The simple act of cleaning off a chest of drawers was liberating, in terms of reclaiming space that I'd given up to an assortment of tsotchkes -- stress balls, pens, sticky note pads, luggage tags, pin-on badges -- and other odds 'n' ends, including shoelaces, toenail clippers, ear drops, eye drops, business cards and foreign coins. It's astounding (and embarrassing, I admit) to look back at what I accumulated over a period of years.
But at the same time, going through all that stuff was touching. I came across postcards I'd bought after museum visits in Tucson and Atlanta, as well as a card my sweetie had given me just to say "I love you." I tossed out old receipts, product warranties, even an old watch.
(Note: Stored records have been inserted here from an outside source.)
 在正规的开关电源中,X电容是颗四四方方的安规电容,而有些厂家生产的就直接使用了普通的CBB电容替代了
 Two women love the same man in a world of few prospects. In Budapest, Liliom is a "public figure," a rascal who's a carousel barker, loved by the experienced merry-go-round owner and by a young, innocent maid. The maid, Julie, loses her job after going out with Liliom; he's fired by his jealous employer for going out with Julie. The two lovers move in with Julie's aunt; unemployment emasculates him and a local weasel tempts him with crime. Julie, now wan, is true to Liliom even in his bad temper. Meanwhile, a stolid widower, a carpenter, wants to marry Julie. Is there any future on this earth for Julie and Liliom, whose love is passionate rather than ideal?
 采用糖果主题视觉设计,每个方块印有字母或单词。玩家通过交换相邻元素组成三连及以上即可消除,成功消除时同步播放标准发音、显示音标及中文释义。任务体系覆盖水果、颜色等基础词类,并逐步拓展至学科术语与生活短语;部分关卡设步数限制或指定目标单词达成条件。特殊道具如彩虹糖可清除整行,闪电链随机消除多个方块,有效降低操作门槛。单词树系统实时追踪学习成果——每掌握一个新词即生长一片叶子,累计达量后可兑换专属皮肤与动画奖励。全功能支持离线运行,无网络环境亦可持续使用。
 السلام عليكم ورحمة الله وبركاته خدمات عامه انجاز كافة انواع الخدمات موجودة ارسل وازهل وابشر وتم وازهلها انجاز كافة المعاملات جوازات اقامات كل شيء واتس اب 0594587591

But I also rediscovered a small stack of handwritten notes I'd kept from a reporting trip to Oaxaca, Mexico, 20 years earlier. (It's pronounced wah-HAWK-ah.) Seeing all those names, addresses and other information in Spanish made me think back to those weeks in early December when a photographer and I traveled in the Mixteca Alta, the mountainous countryside outside the city of Oaxaca, to report on the economic conditions that drive poor, mostly undereducated Mexicans to the United States in search of a better life. I could visualize the evenings we spent dining and drinking at the zocalo (the town square), the delicious meals we ate at roadside shacks, and the kindness and generosity of people everywhere we went.
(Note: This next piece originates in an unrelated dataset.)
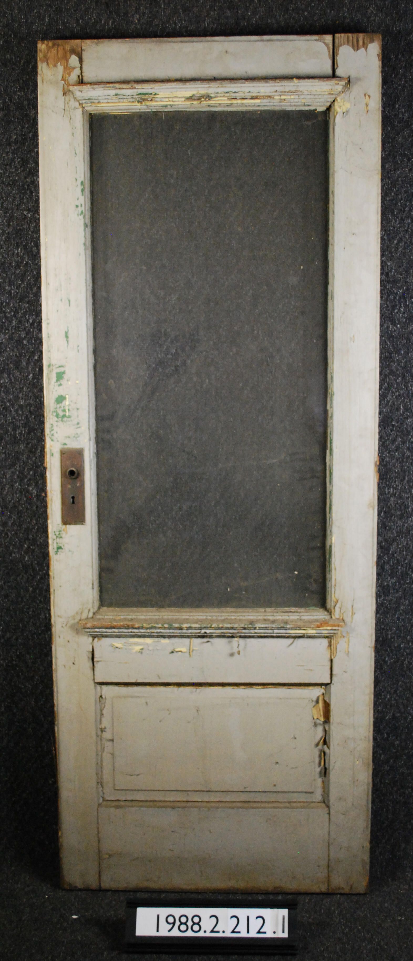 Single panel exterior door Has single sash opening with clear glass pane. Applied moldings on exterior side and below opening. Has mortise lock, two escutcheon plates, and three hinge leaves. Painted grey on one side, and white on the other side.

Tenderly, I examined the pages torn from a reporter's book with phrases from an indigenous language -- Mixtec -- and their corresponding meaning in Spanish. I'd had to rely on a translator to tell me in Spanish what a local resident was saying in Mixtec so I could in turn tell the photographer in English. An amazing trip, that was. Without a doubt, the highlight of my years as a reporter.
There was one mystery item: a key chain attached to a four-inch piece of macrame with six metallic letters spelling out GEORGE. As best as Lori and I could figure, it might have been a parting gift from one of our Japanese exchange students years earlier. Ayako, the first one, was around 12, as I recall. Chiho, the second one, was 19 or 20, I think. They'd be in their late 20s or early 30s by now. Wow.
I couldn't have spent more than two or three hours going through everything. Some items were easy to toss out. Others, not so much. The whole exercise made me slow down and really think about some things I'd held onto: When and where did I get them? What specific memory did they trigger? Did I care enough to keep them? If so, where in the heck would I put them?
We'll be doing more house-cleaning in the next few weeks. These questions will pop up again as I consider saving or tossing favorite items of clothing, old record albums and more.